Selection Guidelines

  1. Confirm system voltage: Select the suitable LZJC or LZJC(D) model for 10kV, 11kV, or 12kV medium-voltage switchgear.
  2. Confirm application type: Select LZJC for standard measurement / protection and LZJC(D) when differential protection is required.
  3. Confirm current ratio: Select the primary current according to feeder load, continuous operating current, and relay protection range.
  4. Confirm secondary current: Select 5A or 1A according to connected devices, secondary wiring distance, and burden calculation.
  5. Define core configuration: Specify metering, measurement, protection, or combined secondary winding configuration according to the project circuit design.
  6. Check rated burden: Ensure the total secondary burden, including meters, relays, and wiring loss, does not exceed the rated output of each secondary core.
  7. Verify short-circuit withstand: Short-time thermal current and dynamic current shall meet the switchgear fault-current level.
  8. Confirm customization: For non-standard current ratios, special accuracy classes, terminal layouts, or installation constraints, confirm drawings and technical agreement before ordering.

FAQs

It is used for current measurement, energy metering, relay protection, and differential protection in indoor 10kV, 11kV, and 12kV medium-voltage switchgear systems.

LZJC is normally used for current measurement, metering, and relay protection. LZJC(D) is configured for differential protection applications where the protection scheme requires differential current signal input.

Yes.
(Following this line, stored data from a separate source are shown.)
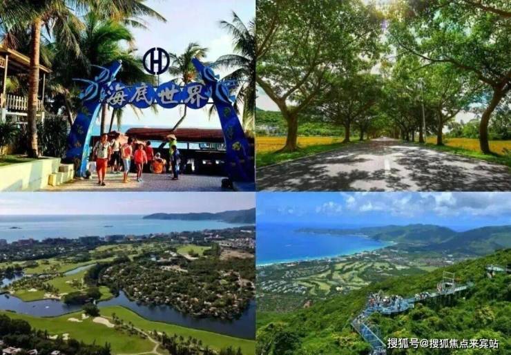 亚龙湾国际高尔夫球场、红峡谷高尔夫球场、 玫瑰谷、天堂热带雨林度假公园、最美公路太阳湾,红树林湿地保护区,亚龙湾海岸线等
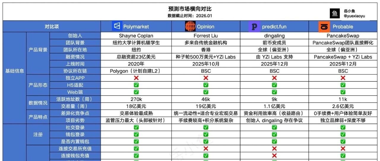 谁将脱颖而出?对比Opinion、PredictFun和Probable,分析其背景、数据与优劣。Opinion因上线早、流动性好领先,PredictFun创新资金效率但创始人存争议,Probable作为币安嫡系获支持但深度不足。预测市场借世界杯、美国大选或成风口,各平台功能各具...
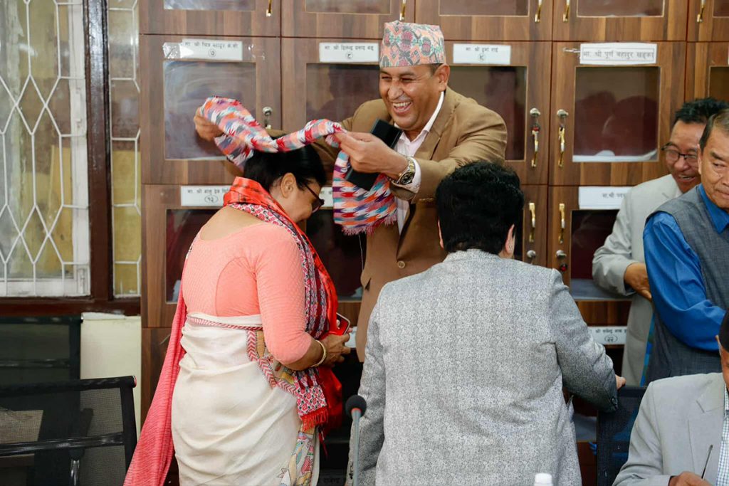 नव–निर्वाचित सभापति न्यौपानेले आजै सभामुखसँग पद तथा गोपनियताको शपथ लिनेछन्। नेपाल विद्यार्थी सङ्घबाट राजनीतिक यात्रा सुरु गरेकी उनी हाल नेपाली कांग्रेसकी केन्द्रीय सदस्य तथा महिला विभाग प्रमुखसमेत रहेकी छन्। यसअघि उनी संविधानसभा सदस्य र संसदीय दलकी सचेतकसमेत रहिसकेकी छन्।

The product can be specified for 10kV, 11kV, and 12kV class medium-voltage systems when the insulation level, nameplate rating, and project requirements are confirmed.

The rated secondary current can be selected as 5A or 1A according to the connected meter, relay, monitoring device, secondary wiring distance, and burden requirement.

Yes. In addition to standard current ratios, customized primary current ratios, secondary current, rated burden, accuracy class, and terminal arrangements can be supplied according to project requirements.

Protection selection should confirm the current ratio, protection accuracy class, rated burden, accuracy limit factor, and short-circuit withstand level according to the relay setting and system fault-current level.

When the primary circuit is energized, an open secondary circuit may generate dangerous high voltage across the secondary terminals. The secondary circuit should be short-circuited before disconnecting meters, relays, or secondary wiring.